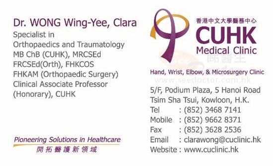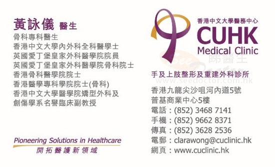 因我有其他關節痛,懷疑是風濕病,黃醫生第一次見面時好詳細咁問及我所有關節痛開始的時間及曾做過的檢查及治療。之後檢查同MRI後確定係TFCC整親,一係就做手術一係就打PRP試下好唔好到。醫生都好詳細同我解釋兩個選擇有咩分別,同埋之後的復康係點。我唔想做手術,打左PRP。雖然打完PRP係非常之痛,但之後做埋復康後,整體的痛楚大減,手腕關節亦無咁鬆,可以做到日常家務同應付工作。
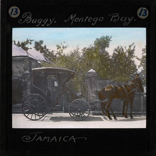 | Keywords: Horse drawn carraige, Montego Bay, Jamaica, early 20th century (imp-cswc-GB-237-CSWC47-LS12-013).jpg en <br> Horse drawn carraige Montego Bay Jamaica early 20th century Photograph of a Jamaican 'Buggy' in Montego Bay The carriage is drawn by a single horse and is pictured sitting outside a stone house ; The Jamaican Buggy or horse drawn carriage would have been the traditional mode of transport for missionaries prior to the car The buggy was light and could be used when travelling up steep hills but could also be a dangerous way to travel and missionary records record cases of fatalities in such vehicles Photographer Unknown Filename imp-cswc-GB-237-CSWC47-LS12-013 tif Coverage date after 1900 Part of collection International Mission Photography Archive ca 1860-ca 1960 Type images Part of subcollection Photographs from the Centre for the Study of World Christianity University of Edinburgh U K ca 1900-ca 1940s Repository name Centre for the Study of World Christianity Archival file impaunpub_Volume7/1346 url Geographic subject city or populated place Montego Bay Repository address The University of Edinburgh School of Divinity New College Mound Place Edinburgh EH1 2LX United Kingdom Geographic subject country Jamaica Format aacr2 1 lantern slide 8 x 8 cm Geographic subject continent North and Central America Rights Contact the repository for details Part of series The Jamaican Church in the Bush LS12 Repository email divinity-CSWC ed ac uk Subject lcsh Keyword Transportation; Missionaries Date created after 1900 Publisher of the digital version University of Southern California Libraries Subject aat genre external views Format aat lantern slides Legacy record ID impa-m68283 Access conditions http //www ed ac uk/schools-departments/divinity/research/centres/world-christianity/collections-resources File GB 237 CSWC47/LS12/13 after 1900 author http //digitallibrary usc edu/cdm/ref/collection/p15799coll123/id/64467 PD-old-70-1923 Magic lantern images Images from USC Digital Library uploaded by Fæ International Mission Photography Archive ca 1860-ca 1960 Montego Bay |
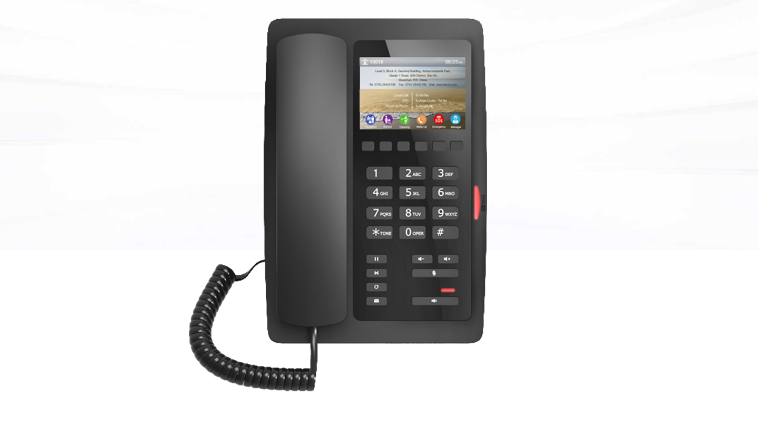 Fanvil H5 is a great and affordable choice for hotel IP phone. Possessing a 3.5-inch color screen, it is also an user-friendly hotel IP phone. Hotel could customize the information (such as hotel’s address, logo, related phone numbers and etc) on the screen, and bring a better living experience to the hotel guests.
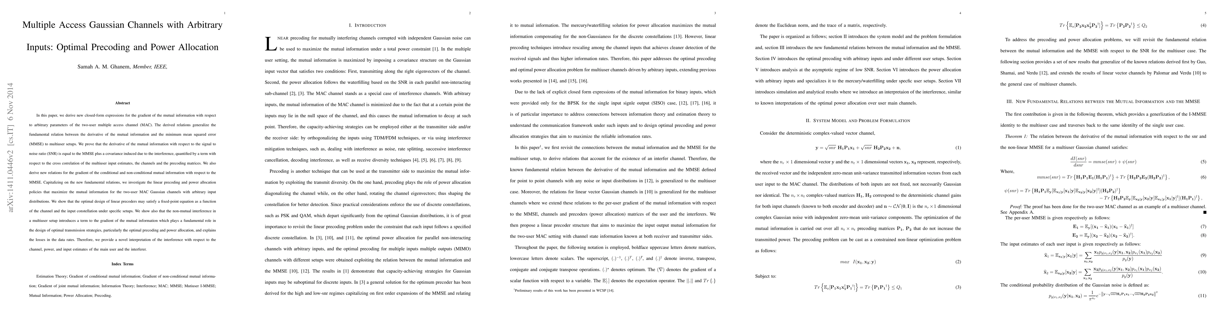In this paper, we derive new closed-form expressions for the gradient of the mutual information with respect to arbitrary parameters of the two-user multiple access channel (MAC). The derived relations generalize the fundamental relation between the derivative of the mutual information and the minimum mean squared error (MMSE) to multiuser setups. We prove that the derivative of the mutual information with respect to the signal to noise ratio (SNR) is equal to the MMSE plus a covariance induced due to the interference, quantified by a term with respect to the cross correlation of the multiuser input estimates, the channels and the precoding matrices. We also derive new relations for the gradient of the conditional and non-conditional mutual information with respect to the MMSE. Capitalizing on the new fundamental relations, we investigate the linear precoding and power allocation policies that maximize the mutual information for the two-user MAC Gaussian channels with arbitrary input distributions. We show that the optimal design of linear precoders may satisfy a fixed-point equation as a function of the channel and the input constellation under specific setups. We show also that the non-mutual interference in a multiuser setup introduces a term to the gradient of the mutual information which plays a fundamental role in the design of optimal transmission strategies, particularly the optimal precoding and power allocation, and explains the losses in the data rates. Therefore, we provide a novel interpretation of the interference with respect to the channel, power, and input estimates of the main user and the interferer.

Exercise objective -> An exact copy of all the data above is required; omit any pictures.

Solution ->
 因我有其他關節痛,懷疑是風濕病,黃醫生第一次見面時好詳細咁問及我所有關節痛開始的時間及曾做過的檢查及治療。之後檢查同MRI後確定係TFCC整親,一係就做手術一係就打PRP試下好唔好到。醫生都好詳細同我解釋兩個選擇有咩分別,同埋之後的復康係點。我唔想做手術,打左PRP。雖然打完PRP係非常之痛,但之後做埋復康後,整體的痛楚大減,手腕關節亦無咁鬆,可以做到日常家務同應付工作。
 | Keywords: Horse drawn carraige, Montego Bay, Jamaica, early 20th century (imp-cswc-GB-237-CSWC47-LS12-013).jpg en <br> Horse drawn carraige Montego Bay Jamaica early 20th century Photograph of a Jamaican 'Buggy' in Montego Bay The carriage is drawn by a single horse and is pictured sitting outside a stone house ; The Jamaican Buggy or horse drawn carriage would have been the traditional mode of transport for missionaries prior to the car The buggy was light and could be used when travelling up steep hills but could also be a dangerous way to travel and missionary records record cases of fatalities in such vehicles Photographer Unknown Filename imp-cswc-GB-237-CSWC47-LS12-013 tif Coverage date after 1900 Part of collection International Mission Photography Archive ca 1860-ca 1960 Type images Part of subcollection Photographs from the Centre for the Study of World Christianity University of Edinburgh U K ca 1900-ca 1940s Repository name Centre for the Study of World Christianity Archival file impaunpub_Volume7/1346 url Geographic subject city or populated place Montego Bay Repository address The University of Edinburgh School of Divinity New College Mound Place Edinburgh EH1 2LX United Kingdom Geographic subject country Jamaica Format aacr2 1 lantern slide 8 x 8 cm Geographic subject continent North and Central America Rights Contact the repository for details Part of series The Jamaican Church in the Bush LS12 Repository email divinity-CSWC ed ac uk Subject lcsh Keyword Transportation; Missionaries Date created after 1900 Publisher of the digital version University of Southern California Libraries Subject aat genre external views Format aat lantern slides Legacy record ID impa-m68283 Access conditions http //www ed ac uk/schools-departments/divinity/research/centres/world-christianity/collections-resources File GB 237 CSWC47/LS12/13 after 1900 author http //digitallibrary usc edu/cdm/ref/collection/p15799coll123/id/64467 PD-old-70-1923 Magic lantern images Images from USC Digital Library uploaded by Fæ International Mission Photography Archive ca 1860-ca 1960 Montego Bay |
 Fanvil H5 is a great and affordable choice for hotel IP phone. Possessing a 3.5-inch color screen, it is also an user-friendly hotel IP phone. Hotel could customize the information (such as hotel’s address, logo, related phone numbers and etc) on the screen, and bring a better living experience to the hotel guests.
In this paper, we derive new closed-form expressions for the gradient of the mutual information with respect to arbitrary parameters of the two-user multiple access channel (MAC). The derived relations generalize the fundamental relation between the derivative of the mutual information and the minimum mean squared error (MMSE) to multiuser setups. We prove that the derivative of the mutual information with respect to the signal to noise ratio (SNR) is equal to the MMSE plus a covariance induced due to the interference, quantified by a term with respect to the cross correlation of the multiuser input estimates, the channels and the precoding matrices. We also derive new relations for the gradient of the conditional and non-conditional mutual information with respect to the MMSE. Capitalizing on the new fundamental relations, we investigate the linear precoding and power allocation policies that maximize the mutual information for the two-user MAC Gaussian channels with arbitrary input distributions. We show that the optimal design of linear precoders may satisfy a fixed-point equation as a function of the channel and the input constellation under specific setups. We show also that the non-mutual interference in a multiuser setup introduces a term to the gradient of the mutual information which plays a fundamental role in the design of optimal transmission strategies, particularly the optimal precoding and power allocation, and explains the losses in the data rates. Therefore, we provide a novel interpretation of the interference with respect to the channel, power, and input estimates of the main user and the interferer.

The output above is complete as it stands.